*EXERCISE:* Your task is to print, exactly and only, the lines from the start of the entries below through the line with "Cappotto Corto Over". Include both ends, but skip the pictures.

Data items:
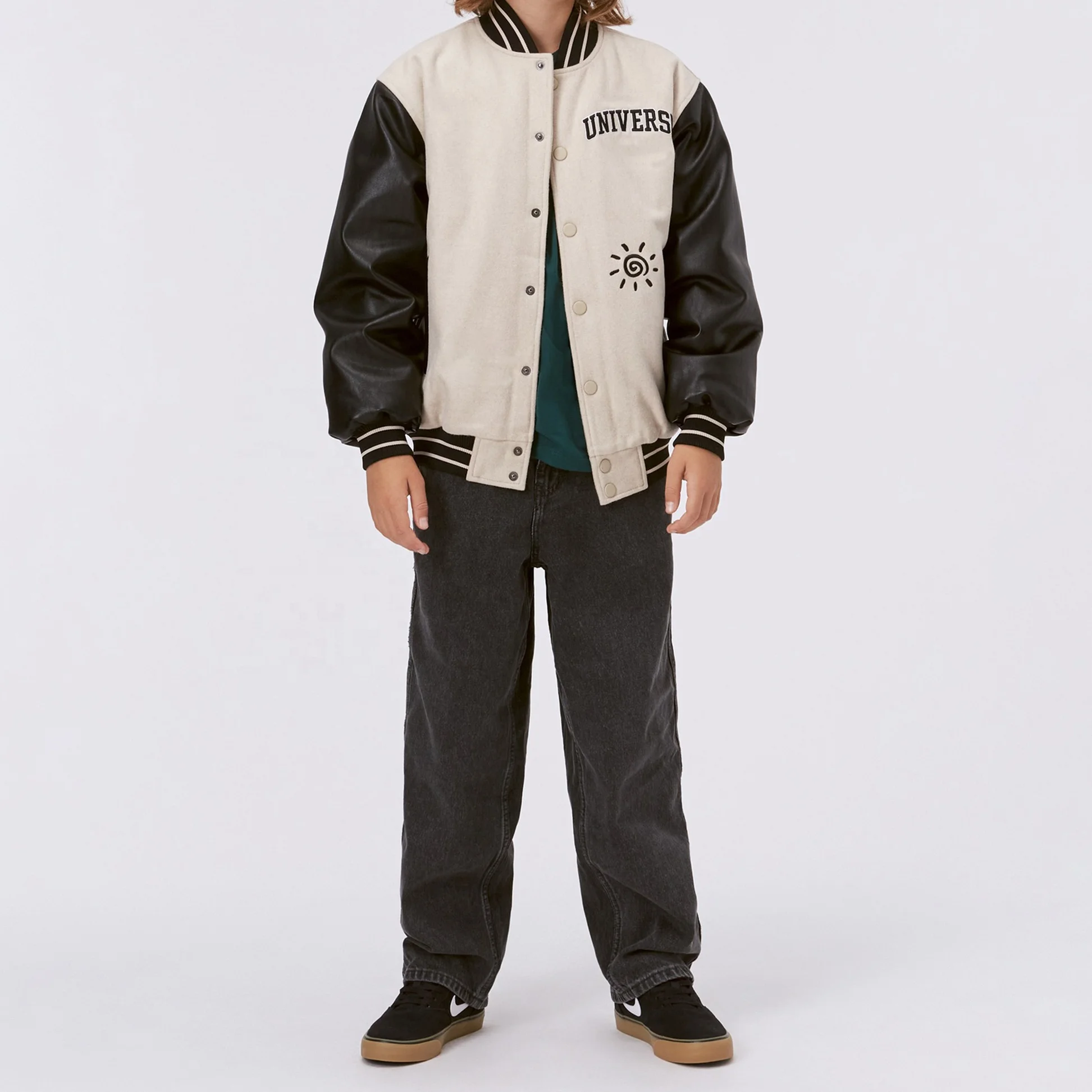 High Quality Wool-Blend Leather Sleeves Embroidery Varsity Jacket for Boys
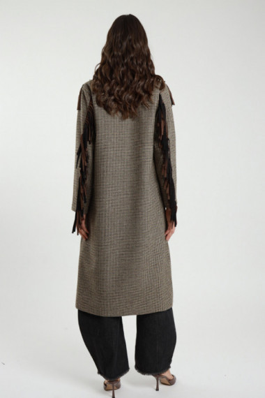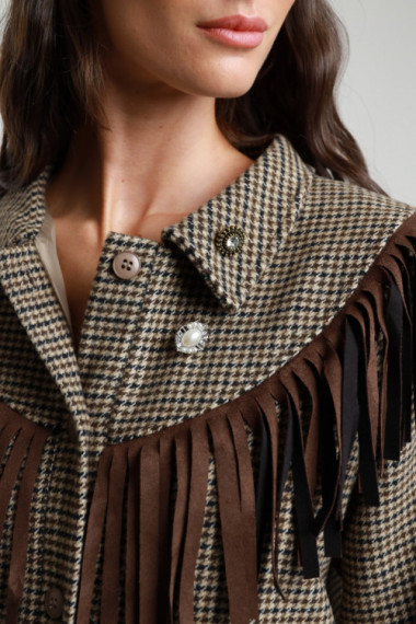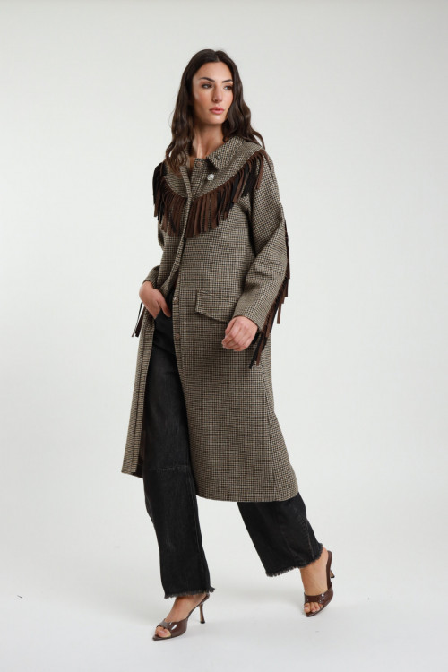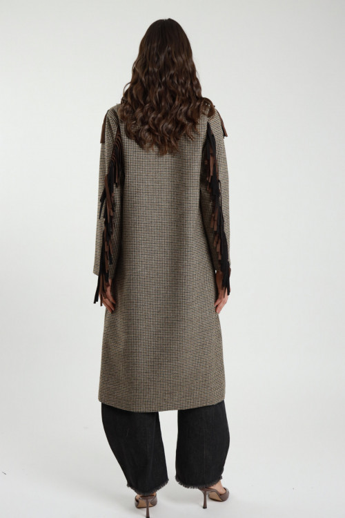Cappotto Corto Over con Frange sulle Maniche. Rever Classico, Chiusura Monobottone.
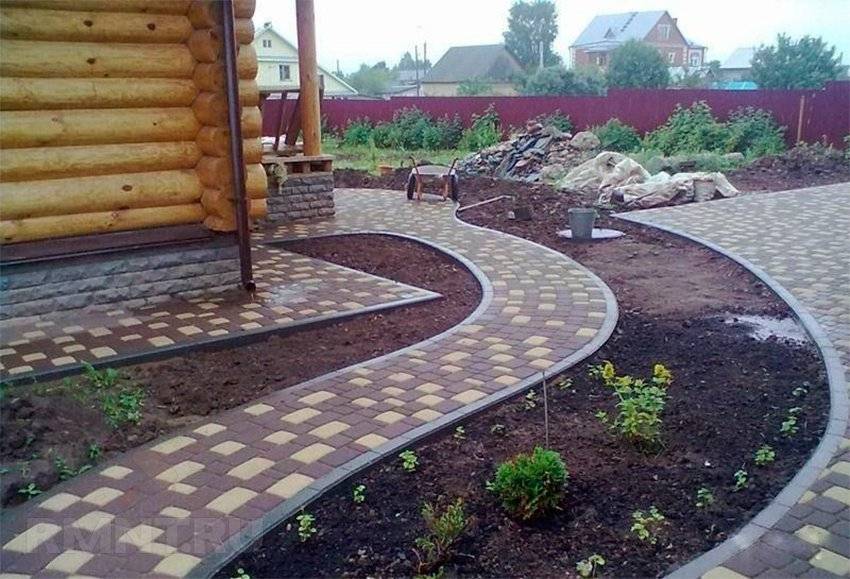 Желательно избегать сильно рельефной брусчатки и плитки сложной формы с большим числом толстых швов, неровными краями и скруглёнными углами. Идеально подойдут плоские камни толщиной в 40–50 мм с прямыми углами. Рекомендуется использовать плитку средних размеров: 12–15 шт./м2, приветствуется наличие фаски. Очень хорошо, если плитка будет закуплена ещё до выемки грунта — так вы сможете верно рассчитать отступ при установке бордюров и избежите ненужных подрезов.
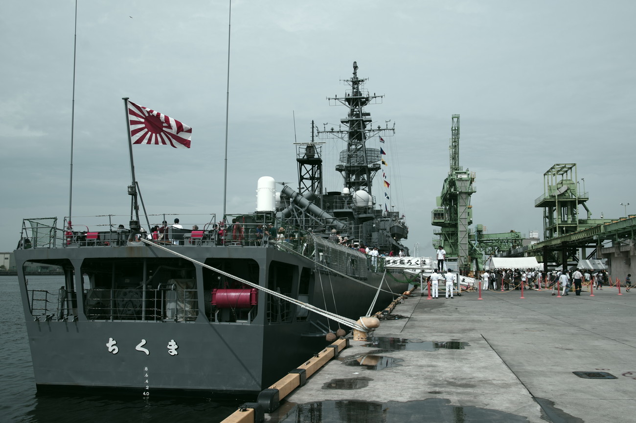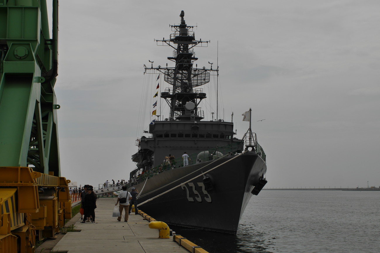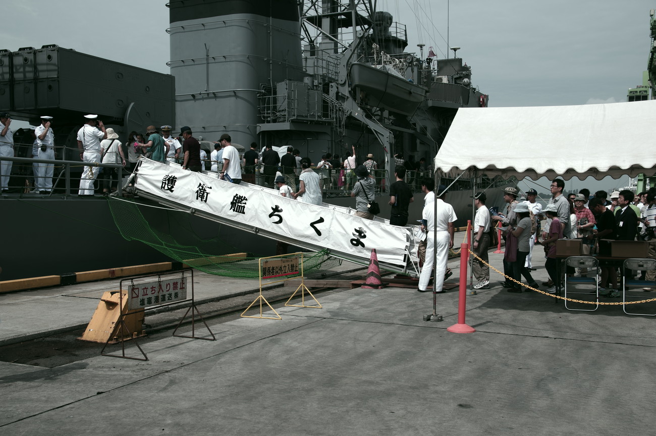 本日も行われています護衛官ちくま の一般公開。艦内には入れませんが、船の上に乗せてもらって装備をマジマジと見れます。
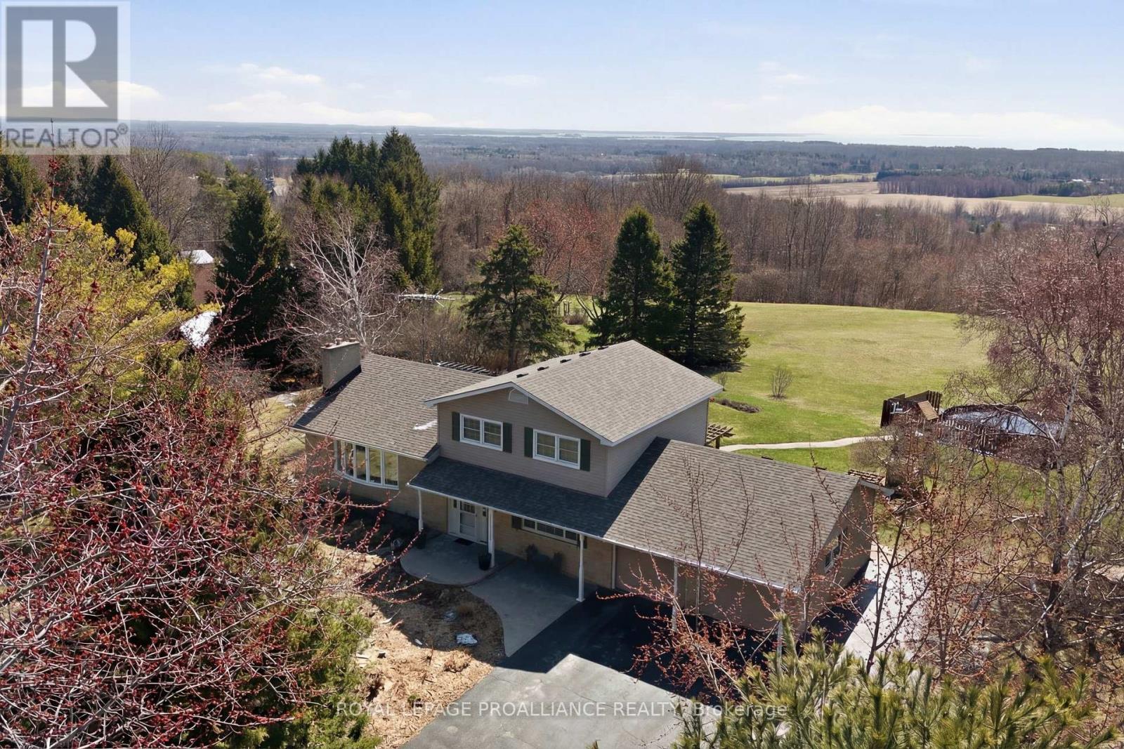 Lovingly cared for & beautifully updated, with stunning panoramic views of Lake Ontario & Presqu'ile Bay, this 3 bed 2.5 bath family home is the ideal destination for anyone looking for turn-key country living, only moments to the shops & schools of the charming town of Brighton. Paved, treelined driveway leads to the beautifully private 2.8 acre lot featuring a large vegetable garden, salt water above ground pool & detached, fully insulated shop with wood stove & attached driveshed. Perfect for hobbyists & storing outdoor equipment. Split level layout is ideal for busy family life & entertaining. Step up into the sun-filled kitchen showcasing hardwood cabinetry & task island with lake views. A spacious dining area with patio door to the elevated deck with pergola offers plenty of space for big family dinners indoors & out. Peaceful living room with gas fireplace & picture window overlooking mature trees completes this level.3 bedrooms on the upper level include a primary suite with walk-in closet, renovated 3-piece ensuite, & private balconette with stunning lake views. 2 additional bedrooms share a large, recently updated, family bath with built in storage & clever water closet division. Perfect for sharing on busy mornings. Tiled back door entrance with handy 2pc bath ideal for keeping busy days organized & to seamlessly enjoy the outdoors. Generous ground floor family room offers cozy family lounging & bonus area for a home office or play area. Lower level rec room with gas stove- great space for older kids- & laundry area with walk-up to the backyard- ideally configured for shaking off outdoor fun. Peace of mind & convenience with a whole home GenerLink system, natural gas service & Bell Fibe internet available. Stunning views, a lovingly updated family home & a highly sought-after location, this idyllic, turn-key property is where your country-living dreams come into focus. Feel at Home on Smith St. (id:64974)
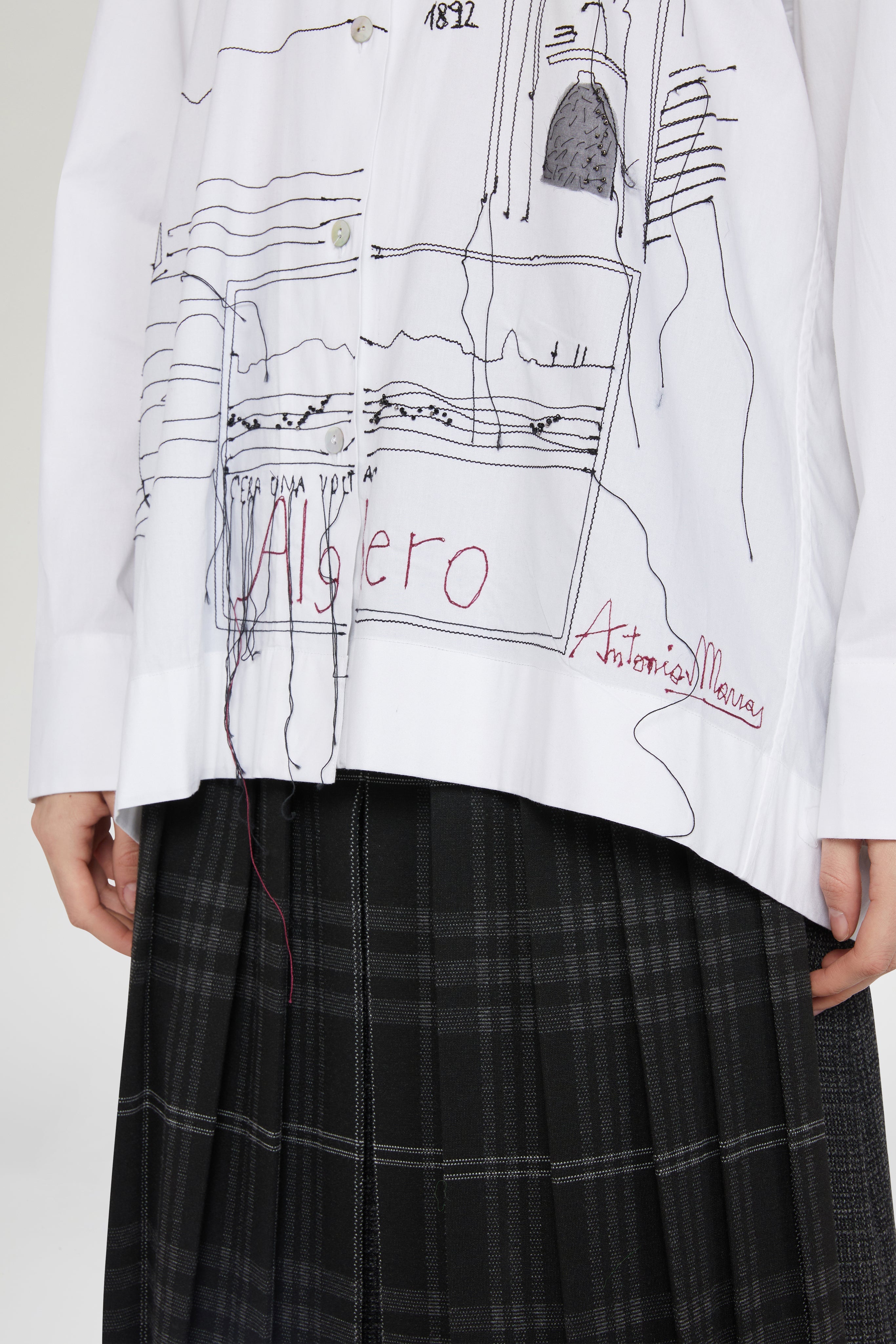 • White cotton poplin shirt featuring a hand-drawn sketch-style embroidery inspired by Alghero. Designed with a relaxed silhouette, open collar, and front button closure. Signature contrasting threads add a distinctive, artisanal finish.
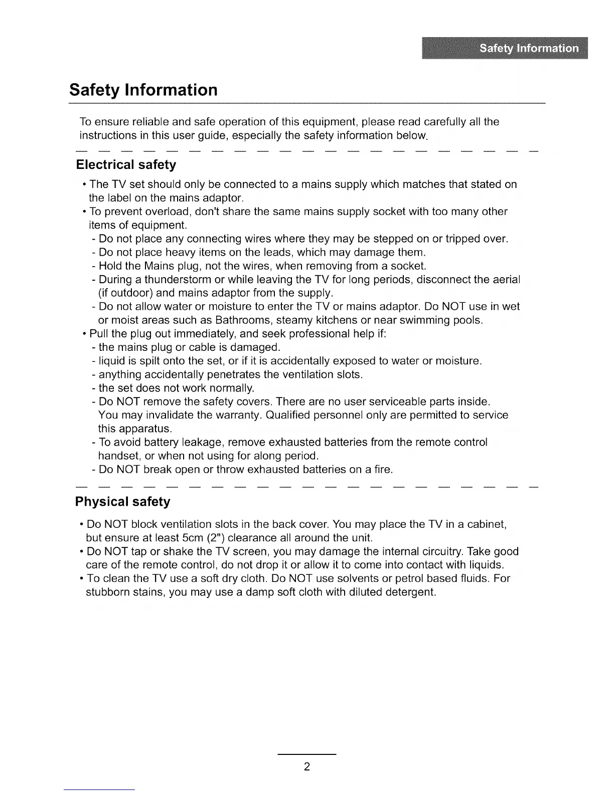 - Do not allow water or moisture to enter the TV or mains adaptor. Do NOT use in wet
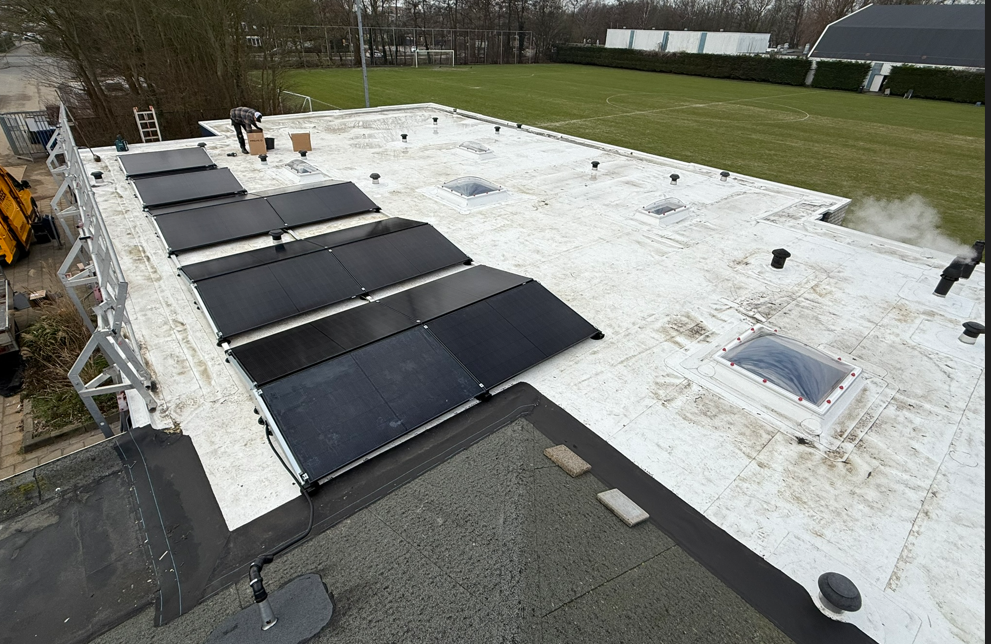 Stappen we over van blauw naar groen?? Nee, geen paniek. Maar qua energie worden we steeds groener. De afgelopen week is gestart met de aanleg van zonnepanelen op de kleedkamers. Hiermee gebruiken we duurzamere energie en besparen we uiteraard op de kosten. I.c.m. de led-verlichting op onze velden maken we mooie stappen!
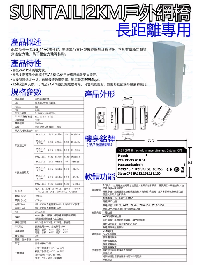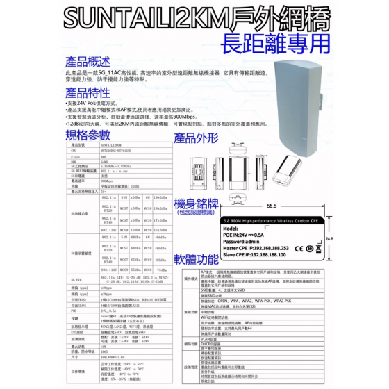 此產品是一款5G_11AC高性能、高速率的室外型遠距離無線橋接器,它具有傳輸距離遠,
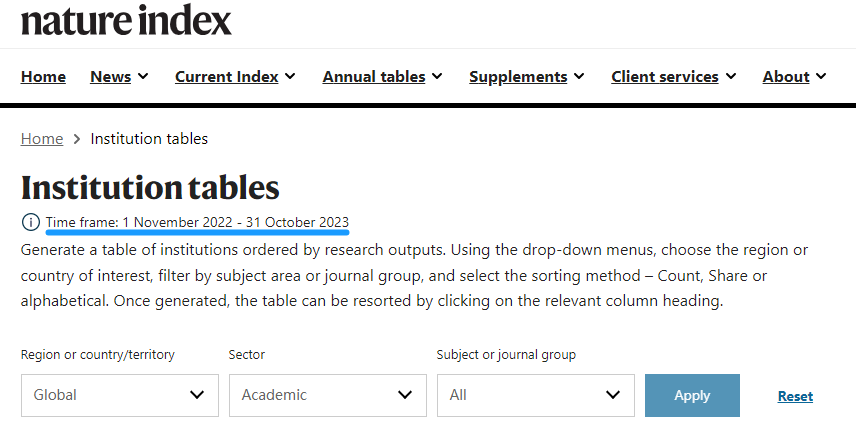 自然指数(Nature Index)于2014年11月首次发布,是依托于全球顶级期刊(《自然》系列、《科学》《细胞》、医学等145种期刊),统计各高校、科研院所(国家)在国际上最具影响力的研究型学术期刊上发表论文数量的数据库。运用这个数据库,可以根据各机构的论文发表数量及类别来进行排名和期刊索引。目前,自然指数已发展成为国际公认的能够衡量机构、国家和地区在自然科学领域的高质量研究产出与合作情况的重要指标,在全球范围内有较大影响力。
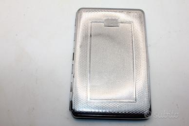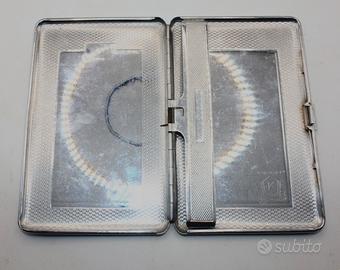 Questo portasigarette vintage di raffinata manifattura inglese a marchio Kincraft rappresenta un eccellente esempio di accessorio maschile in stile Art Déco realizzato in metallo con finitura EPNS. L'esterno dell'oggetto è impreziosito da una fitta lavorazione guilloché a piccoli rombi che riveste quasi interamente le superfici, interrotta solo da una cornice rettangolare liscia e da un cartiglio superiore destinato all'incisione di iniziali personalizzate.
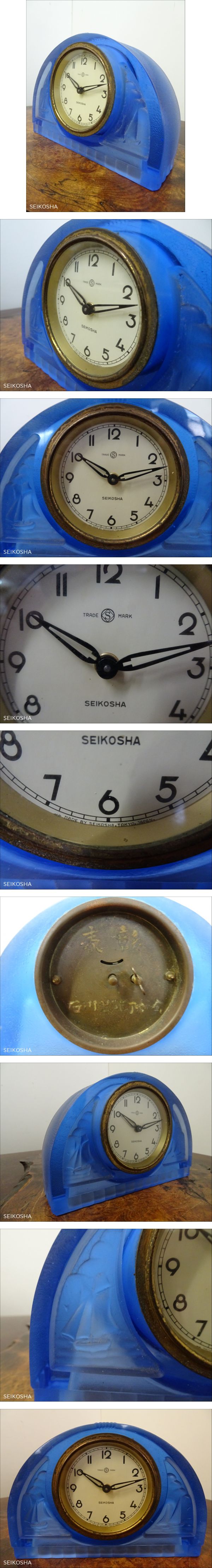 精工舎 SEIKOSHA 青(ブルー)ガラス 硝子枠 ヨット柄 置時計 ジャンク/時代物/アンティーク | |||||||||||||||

*OUTPUT OF THE EXERCISE:*
 High Quality Wool-Blend Leather Sleeves Embroidery Varsity Jacket for Boys
Cappotto Corto Over con Frange sulle Maniche. Rever Classico, Chiusura Monobottone.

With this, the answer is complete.